Stock Market: Market over-stretched, expect 300-400 pt correction in Nifty

A correction of not more than 300 and 400 points is expected in Nifty. On the lower side, watch out for 13,400 and 13,300 will be the levels to watch closely, says Rahul Sharma, Head of Technical Research, Equity99 Advisors.

Is there comfort in the market even at these levels or are a lot of people shying away now and watching from the sideline?
My clients and all the investors who are associated with us are under confident right now as the markets have been shooting up and this is the time to be very cautious. Nifty has been moving in the 13,750-13,850 range where profit booking is very much expected. The market is looking overstretched right now and both technically and fundamentally correction is required.

At this point of time, short-term traders must lighten up their positions and the bifurcation between short-term and long-term positions would be made very clear. One can hold large cap and midcap companies for long term but as the liquidity is high and the economy is getting strong, and before the Budget is announced on 1st of February, buying on decline should start for the long-term position. A correction of not more than 300 and 400 points is expected in Nifty. So, on the lower side 13,400 and 13,300 will be the levels to watch closely.

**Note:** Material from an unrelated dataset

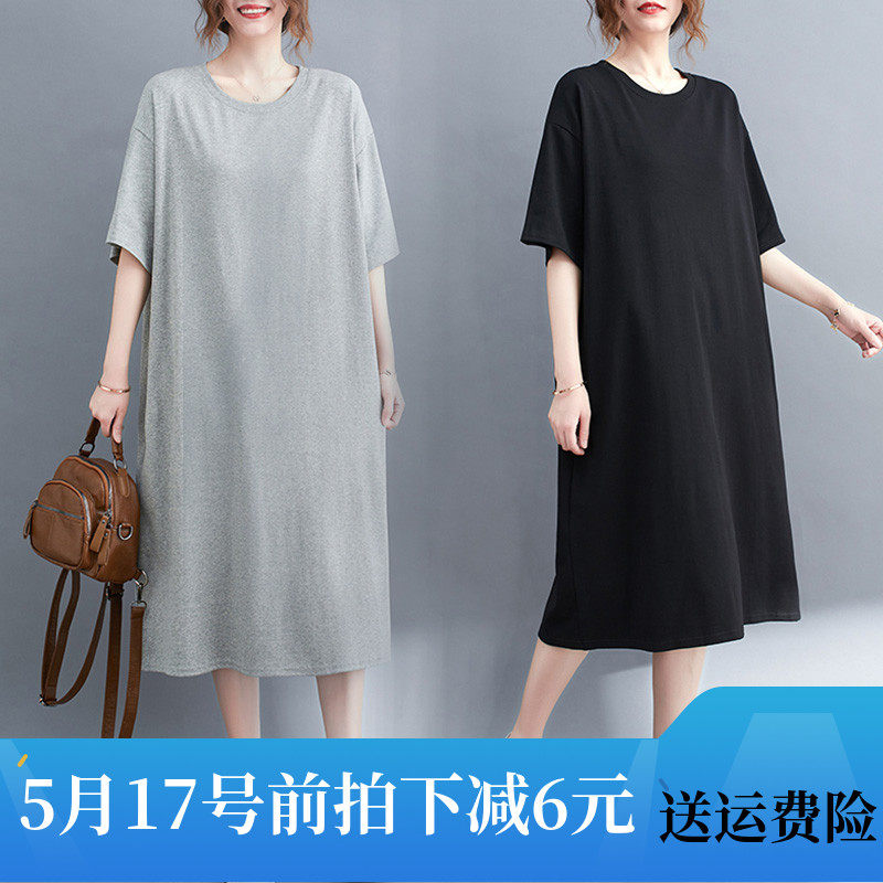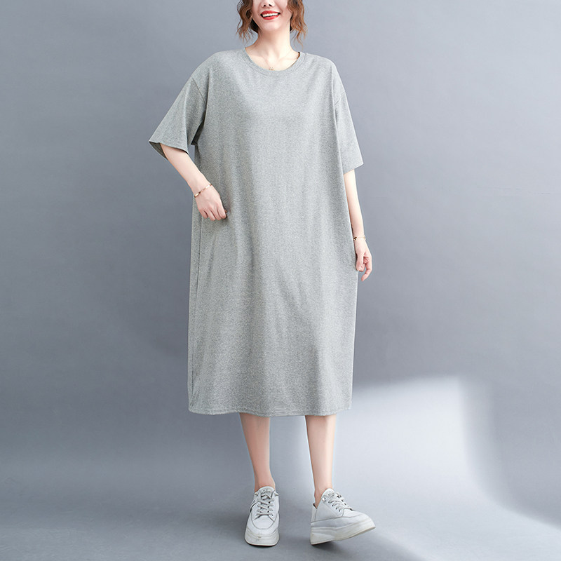 Модное летнее платье с коротким рукавом для отдыха, цветная длинная юбка с круглым воротником, свободный крой, большой размер, средней длины

Cement stocks are doing very well. Your first pick is Orient Cement. Why do you like that stock and what kind of money can be made over the short term as well as on the long term?
This is a Birla Group company which has a huge capacity of 8 MTPA. The main market for the company is widely spread in Maharashtra, Telangana, Andhra Pradesh, Karnataka, Madhya Pradesh and Chhattisgarh, Tamil Nadu, Kerala and Gujarat. Birla one is the band name for the cement distribution of the company. Mutual fund houses hold about 21% stake in the company. Big bull Mr Jhunjhunwala also holds around 1% in the company. FPI is holding about 3% stake while LIC and National Insurance are holding 2-2% stake each. In Q2, the company performed very well. Operating profit increased by 109% and speaking technically, we are getting good price breakout in the stock. Investors must accumulate at the current market price and at declines keeping stop loss of Rs 75 and the target price at Rs 110 for a horizon of three months.

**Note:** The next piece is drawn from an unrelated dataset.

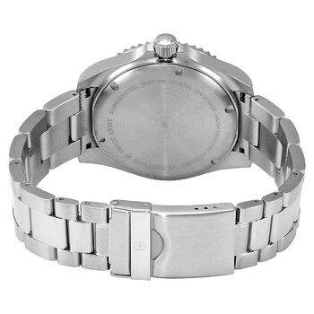 Stainless steel case with a stainless steel bracelet. Uni-directional rotating stainless steel bezel with an inlaid green ring. Green dial with luminous silver-tone hands and Arabic numeral hour markers. 24 hour markers. Minute markers around the outer rim. Dial Type: Analog. Luminescent hands and markers. Date display at the 6 o'clock position. Ronda 5030D quartz movement. Scratch resistant sapphire crystal. Solid case back. Round case shape. Case size: 43 mm. Case thickness: 10 mm. Band width: 20 mm. Fold over clasp. Water resistant at 100 meters / 330 feet. Functions: date, hour, minute, second. Maverick Series. Casual watch style. Watch label: Swiss Made. Victorinox Maverick Quartz Green Dial Men's Watch 241934.

Cadila Health is your second pick. I would want your opinion on that one but before that a quick word on Divi’s and the API space.
Divi’s had performed well and the stock has done really great. We have been bullish on the API theme for a long time and this sector is in focus right now due to the Covid vaccine situation. I believe the stocks like Divi’s Labs will do much better in the coming days.

What kind of prospects do you see in Cadila Health?
According to our study, after the small correction in the market which is very much expected, positive movements will be seen in the pharma sector as defensive buying will be done in that segment. The Covid vaccine from Cadila Health is at the third stage of trial and the prime minister in his announcement said that they are making a DNA-based vaccine and Iexpect a vaccine from Cadila to reach the market in the coming one or two months.

Performance wise, the company is doing really good work in reducing debt and has been making a healthy dividend payout of around 23.34%. The first half of FY2021 has been great for the company and technically also the stock is looking strong. Investors can accumulate this stock at current levels and on declines keeping a stop loss of Rs 455 with target price of Rs 525 to 530 in the coming three months.

The third stock you like is a global agri-chemical major — Bayer Crop Science. What kind of money potential does it hold for investors?
The company is largely famous for its agrochemical business which primarily includes sales and distribution of insecticides, fungicides, herbicides and various other agrochemical products and corn seeds. This company is almost debt-free and has been delivering a healthy dividend payout of around 20.85%. In September, the stock corrected from Rs 6,600 to Rs 5,000. From those levels, the stock has been forming a good base and all moving averages and technical charts have met at one point which shows the stock has a good potential for upside. Investors can make their position in the stock from the current levels with a stop loss of Rs 5,150 for the target price of Rs 5,750-6,000 in the coming three to four months.